### TASK REQUIREMENTS
Copy each record below faithfully, leaving out images.

### EXTRACTED INFORMATION
• • •

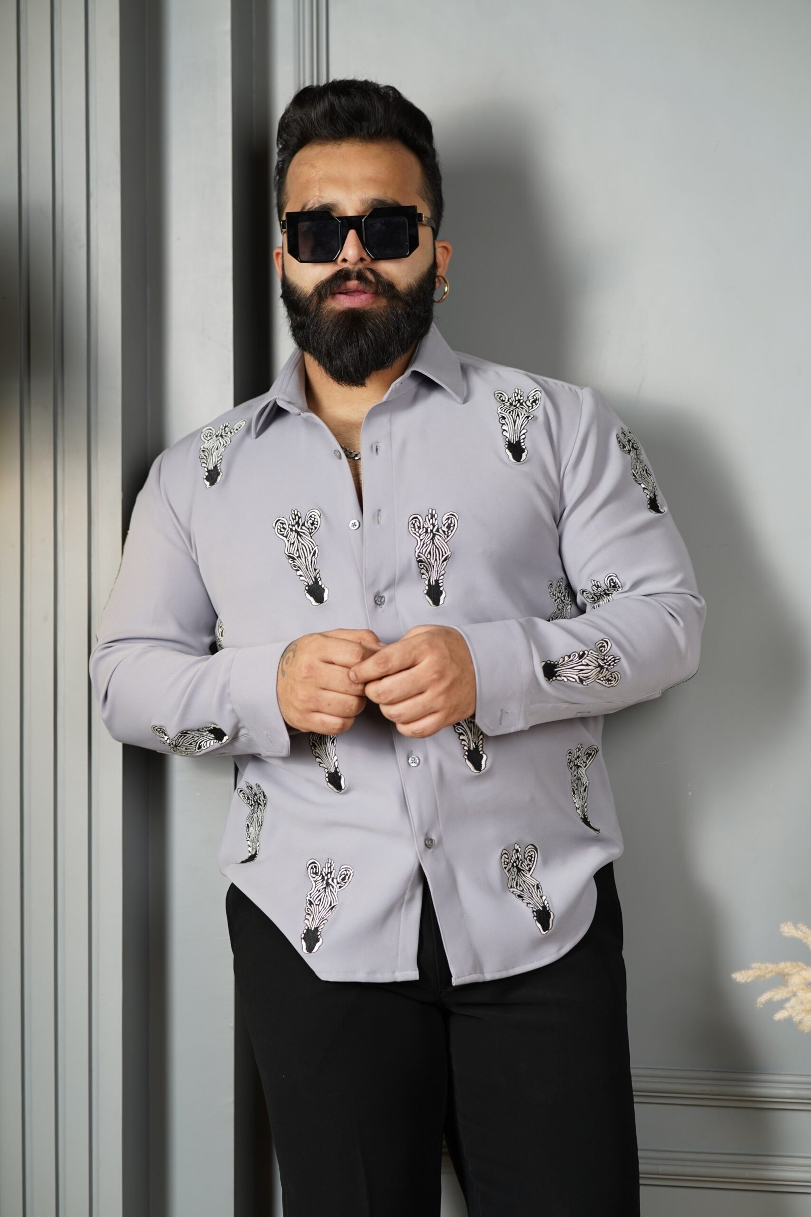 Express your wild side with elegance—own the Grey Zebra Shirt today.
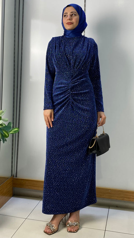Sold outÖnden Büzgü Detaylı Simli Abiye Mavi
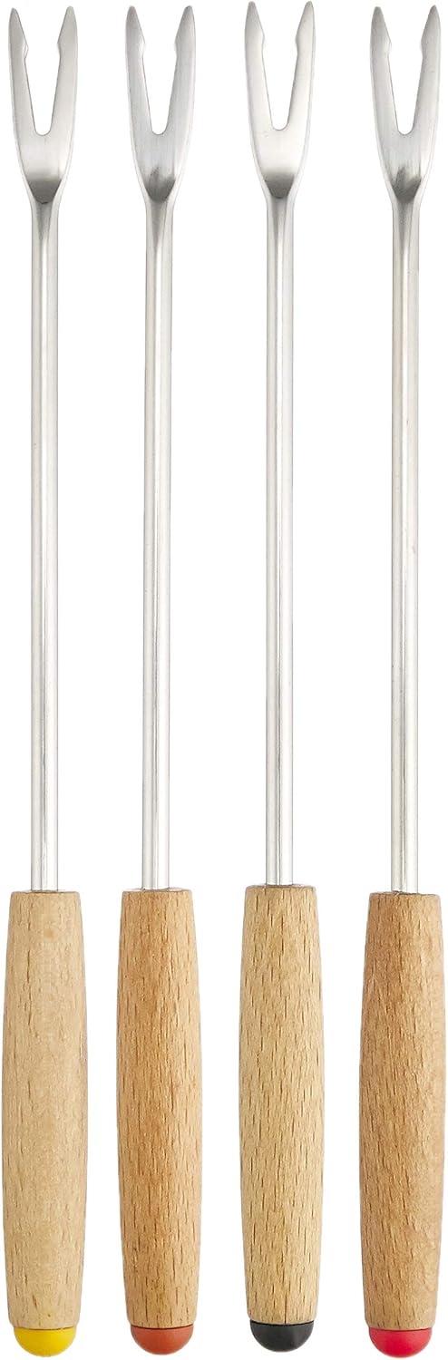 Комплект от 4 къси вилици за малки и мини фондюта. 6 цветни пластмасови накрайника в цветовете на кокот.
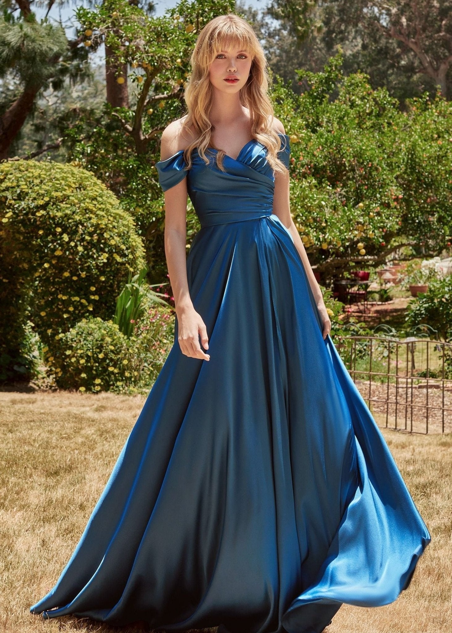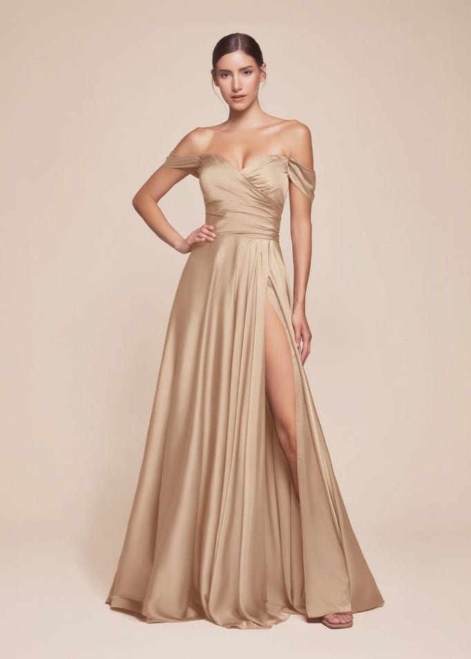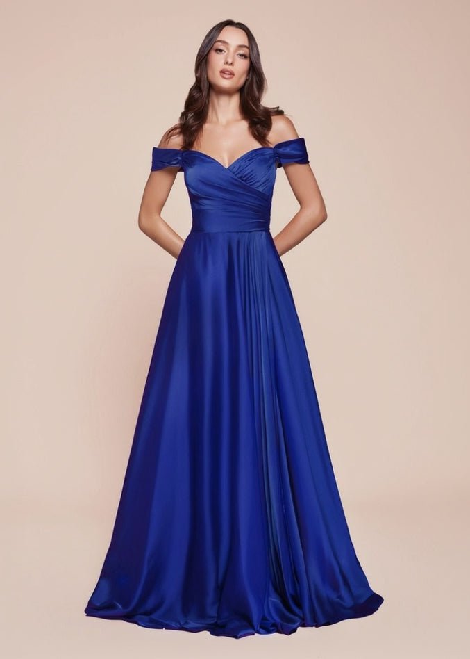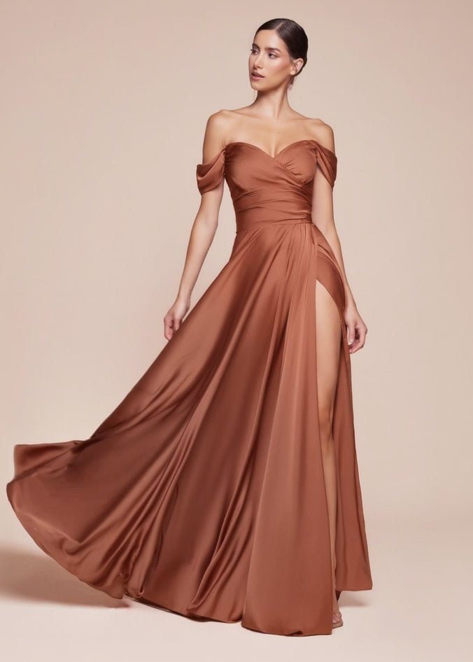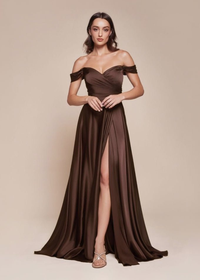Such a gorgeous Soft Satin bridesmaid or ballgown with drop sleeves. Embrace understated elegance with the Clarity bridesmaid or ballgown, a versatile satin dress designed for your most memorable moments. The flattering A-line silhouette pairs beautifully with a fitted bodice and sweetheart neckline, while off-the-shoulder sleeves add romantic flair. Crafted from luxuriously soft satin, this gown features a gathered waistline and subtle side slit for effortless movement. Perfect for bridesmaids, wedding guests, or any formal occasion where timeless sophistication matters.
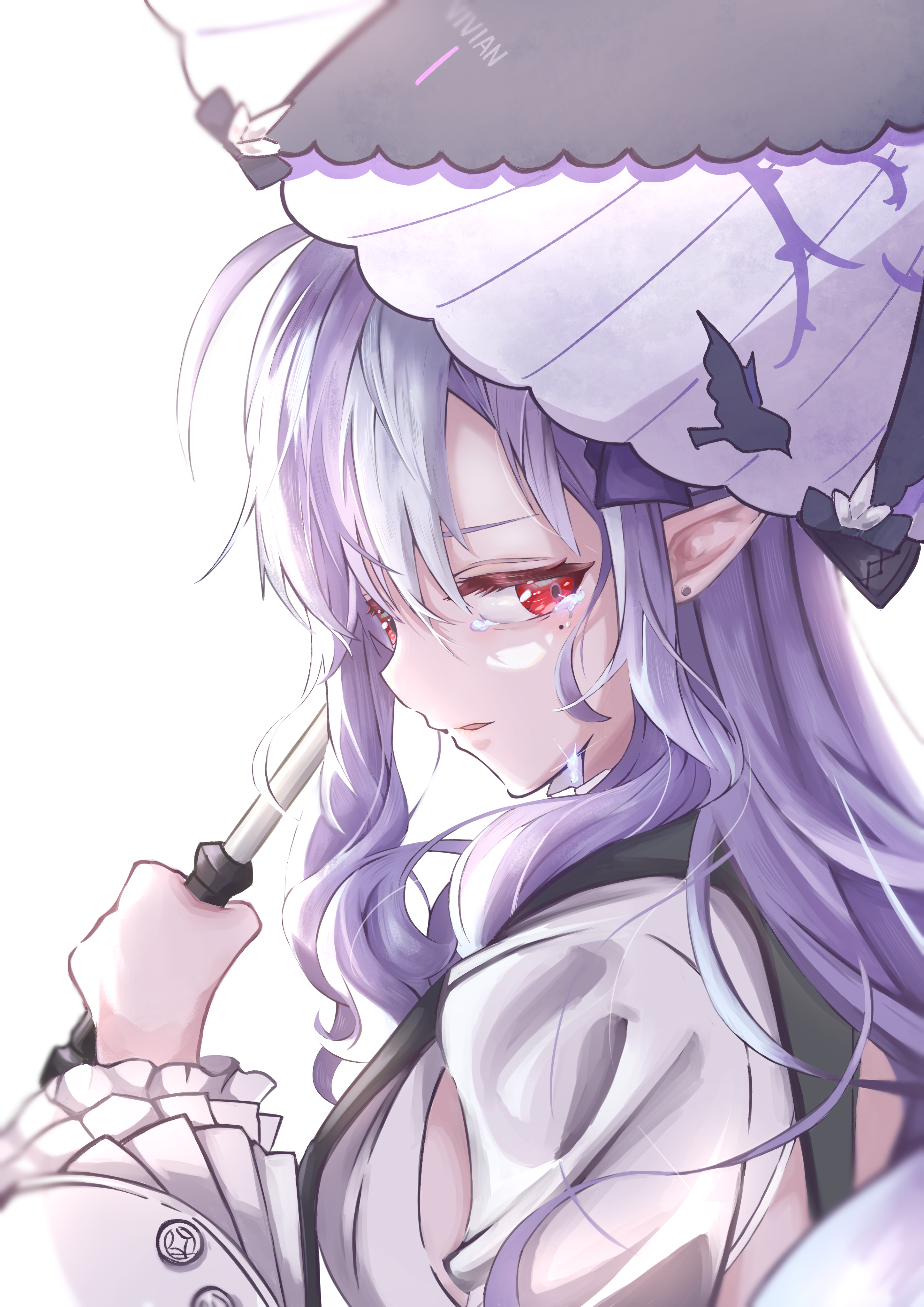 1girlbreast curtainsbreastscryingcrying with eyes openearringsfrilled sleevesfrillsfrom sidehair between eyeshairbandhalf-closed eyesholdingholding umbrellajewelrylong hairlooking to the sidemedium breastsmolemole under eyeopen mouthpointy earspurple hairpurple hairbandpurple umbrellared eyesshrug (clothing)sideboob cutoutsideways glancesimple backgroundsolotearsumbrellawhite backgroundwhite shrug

• • •

### WRITTEN RESPONSE
 Express your wild side with elegance—own the Grey Zebra Shirt today.
Sold outÖnden Büzgü Detaylı Simli Abiye Mavi
 Комплект от 4 къси вилици за малки и мини фондюта. 6 цветни пластмасови накрайника в цветовете на кокот.
Such a gorgeous Soft Satin bridesmaid or ballgown with drop sleeves. Embrace understated elegance with the Clarity bridesmaid or ballgown, a versatile satin dress designed for your most memorable moments. The flattering A-line silhouette pairs beautifully with a fitted bodice and sweetheart neckline, while off-the-shoulder sleeves add romantic flair. Crafted from luxuriously soft satin, this gown features a gathered waistline and subtle side slit for effortless movement. Perfect for bridesmaids, wedding guests, or any formal occasion where timeless sophistication matters.
 1girlbreast curtainsbreastscryingcrying with eyes openearringsfrilled sleevesfrillsfrom sidehair between eyeshairbandhalf-closed eyesholdingholding umbrellajewelrylong hairlooking to the sidemedium breastsmolemole under eyeopen mouthpointy earspurple hairpurple hairbandpurple umbrellared eyesshrug (clothing)sideboob cutoutsideways glancesimple backgroundsolotearsumbrellawhite backgroundwhite shrug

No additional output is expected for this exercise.